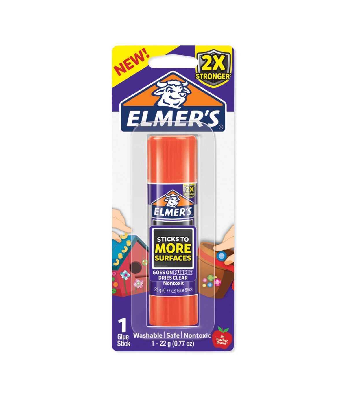 The Elmer's Jumbo 2X Stronger Glue Stick is as strong as liquid glue with the speed of a glue stick. This extra strength glue stick is two times stronger than current school glue sticks. It works on wood, ceramics, macaroni, glitter and felt. The glue has a quick dry time.
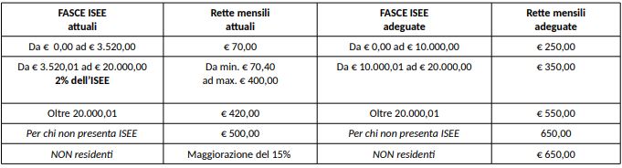 Tariffe aumentate anche per chi ha un isee superiore a 20mila euro che passano da una retta mensile di 420 euro a 550, che diventano 650 per chi non presenta dichiarazione isee a fronte dei 500 degli anni precedenti.
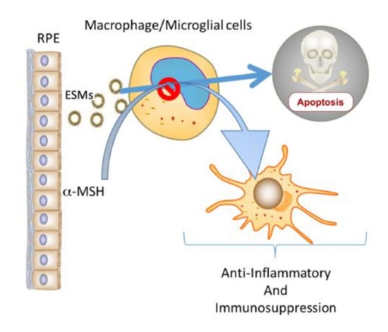 The potential role of ESMs and α-MSH produced by RPEs in ocular immune privilege. Within the immune-privileged eye, RPEs constitutively produce α-MSH and release ESMs. The results demonstrated that ESMs induce apoptosis in macrophages and that α-MSH suppresses the apoptotic signal. Previous publications have shown that α-MSH induces anti-inflammatory and suppressor activity in macrophages. Therefore, this combination of RPE ESMs and α-MSH could act as a selective mechanism that permits the survival of only macrophages and resident microglial cells that act to maintain the anti-inflammatory microenvironment of the eye.
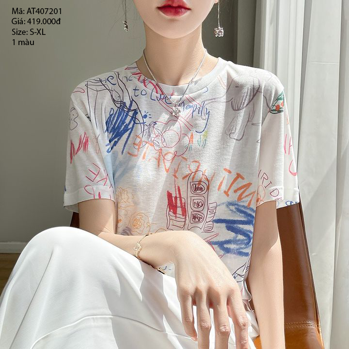 - Áo thun cổ tròn ngắn tay in chữ -AT407201
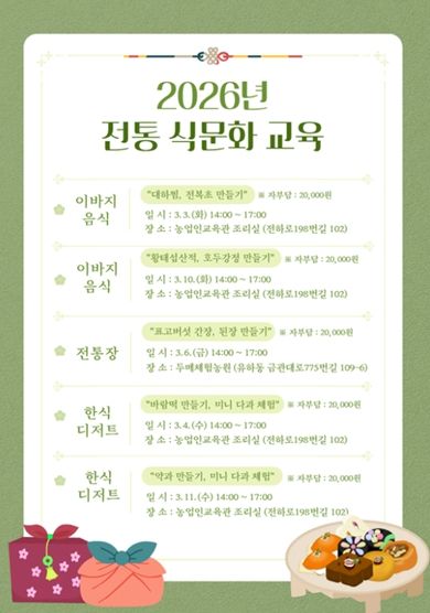 [경남도민뉴스=최미정 기자] 김해시는 3월 3일부터 3월 11일까지 ‘2026년 전통 식문화 교육’을 운영한다고 밝혔다.
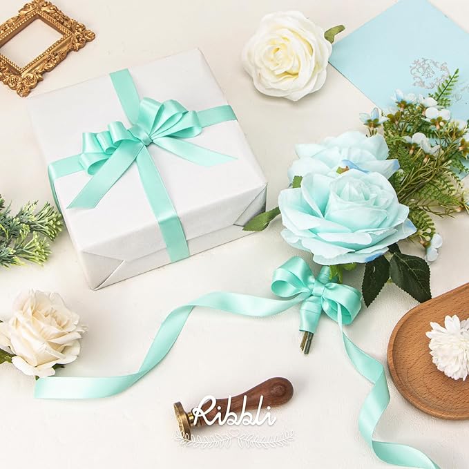 Ribbli Aqua Blue Satin Ribbon 5/8 inch x Continuous 25 Yards,Double Faced Satin Use for Craft, Gift Wrapping, Christmas Ornaments, Hair Bows, Bouquet Bows
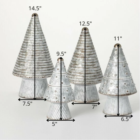 - Trees measure 7.5″L x 7.5″W x 14.5″H; 7″L x 7″W x 12.5″H; 6.5″L x 6.5″W x 11″H; 5″L x 5″W x 9.5″H
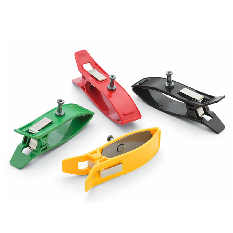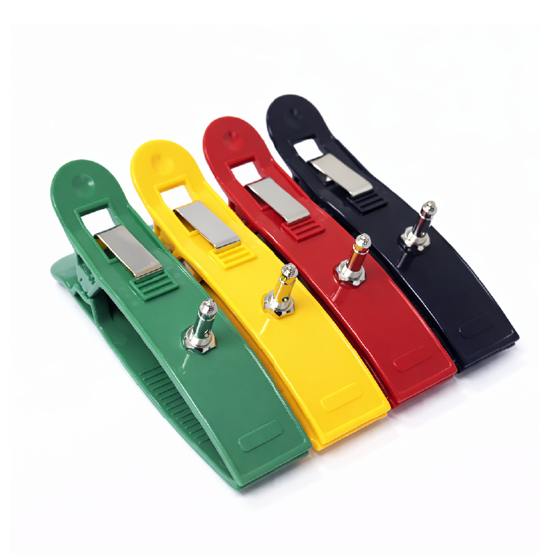 - Botón de ajuste en cada pinza que asegura una conexión segura y estable con el cable del electrocardiógrafo, garantizando una transmisión de señal fiable.
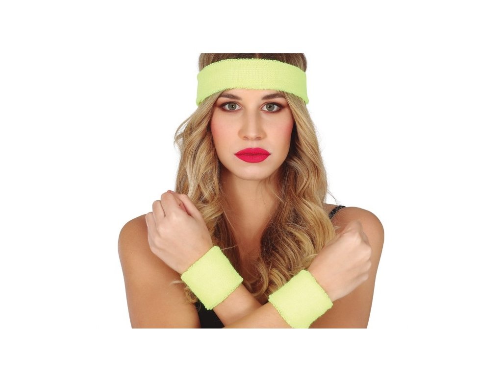 Zestaw frotka na nadgarstek i opaska - neonowożółty
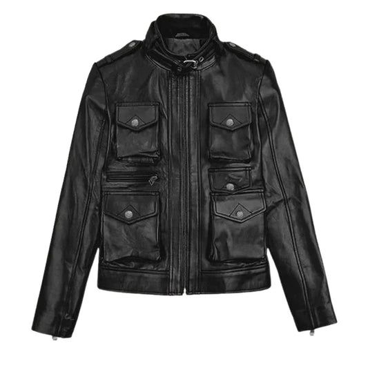 Women’s Black Multi-Pocket Leather Jacket - Black
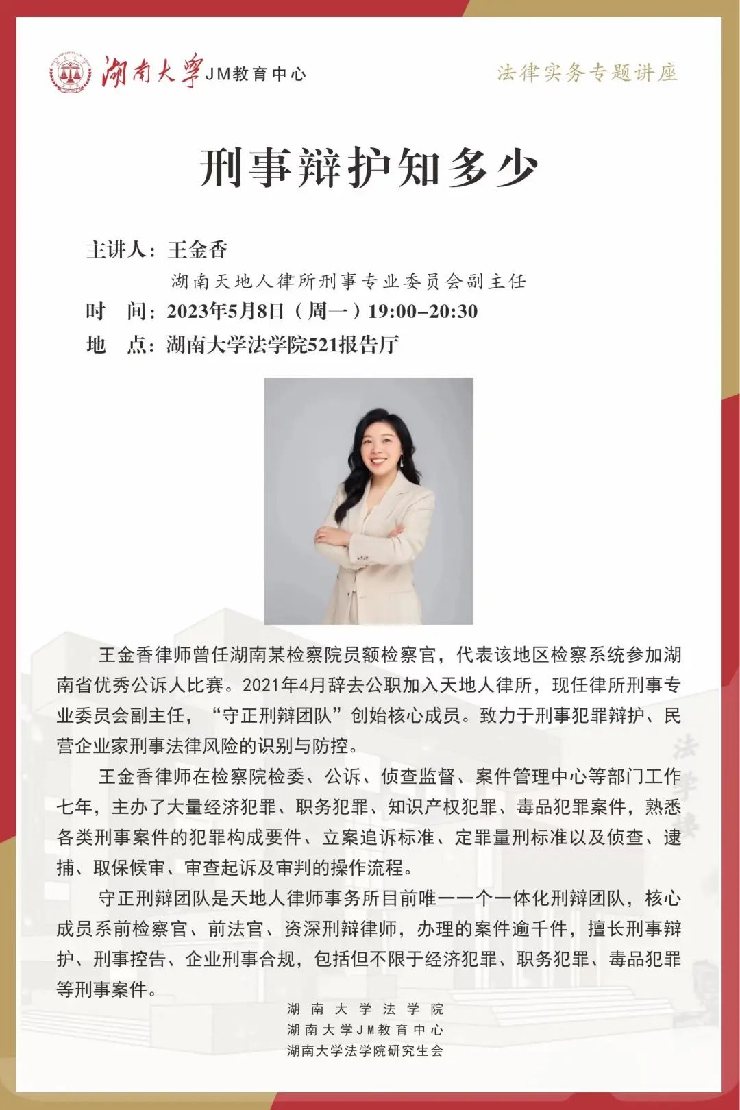 近期,中共中央办公厅、国务院办公厅印发《关于加强新时代法学教育和法学理论研究的意见》(以下简称《意见》),《意见》指出法学教育和法学理论研究承担着为法治中国建设培养高素质法治人才、提供科学理论支撑的光荣使命,在推进全面依法治国中具有重要地位和作用。为切实贯彻落实《意见》精神,学院将与各实践单位合作开展法律实务系列讲座。本次JM实务讲座将由湖南天地人律所的王金香律师为大家分享刑辩律师的实务经验。对想了解刑事辩护执业经验的同学来说,这将是一堂极具干货的实务课,快来积极参与吧!

========================================

Take only the line containing "- Áo thun cổ tròn ngắn tay in chữ -AT407201" and every line after it to the end of the entries, and copy them exactly, pictures excluded.

 - Áo thun cổ tròn ngắn tay in chữ -AT407201
 [경남도민뉴스=최미정 기자] 김해시는 3월 3일부터 3월 11일까지 ‘2026년 전통 식문화 교육’을 운영한다고 밝혔다.
 Ribbli Aqua Blue Satin Ribbon 5/8 inch x Continuous 25 Yards,Double Faced Satin Use for Craft, Gift Wrapping, Christmas Ornaments, Hair Bows, Bouquet Bows
 - Trees measure 7.5″L x 7.5″W x 14.5″H; 7″L x 7″W x 12.5″H; 6.5″L x 6.5″W x 11″H; 5″L x 5″W x 9.5″H
 - Botón de ajuste en cada pinza que asegura una conexión segura y estable con el cable del electrocardiógrafo, garantizando una transmisión de señal fiable.
 Zestaw frotka na nadgarstek i opaska - neonowożółty
 Women’s Black Multi-Pocket Leather Jacket - Black
 近期,中共中央办公厅、国务院办公厅印发《关于加强新时代法学教育和法学理论研究的意见》(以下简称《意见》),《意见》指出法学教育和法学理论研究承担着为法治中国建设培养高素质法治人才、提供科学理论支撑的光荣使命,在推进全面依法治国中具有重要地位和作用。为切实贯彻落实《意见》精神,学院将与各实践单位合作开展法律实务系列讲座。本次JM实务讲座将由湖南天地人律所的王金香律师为大家分享刑辩律师的实务经验。对想了解刑事辩护执业经验的同学来说,这将是一堂极具干货的实务课,快来积极参与吧!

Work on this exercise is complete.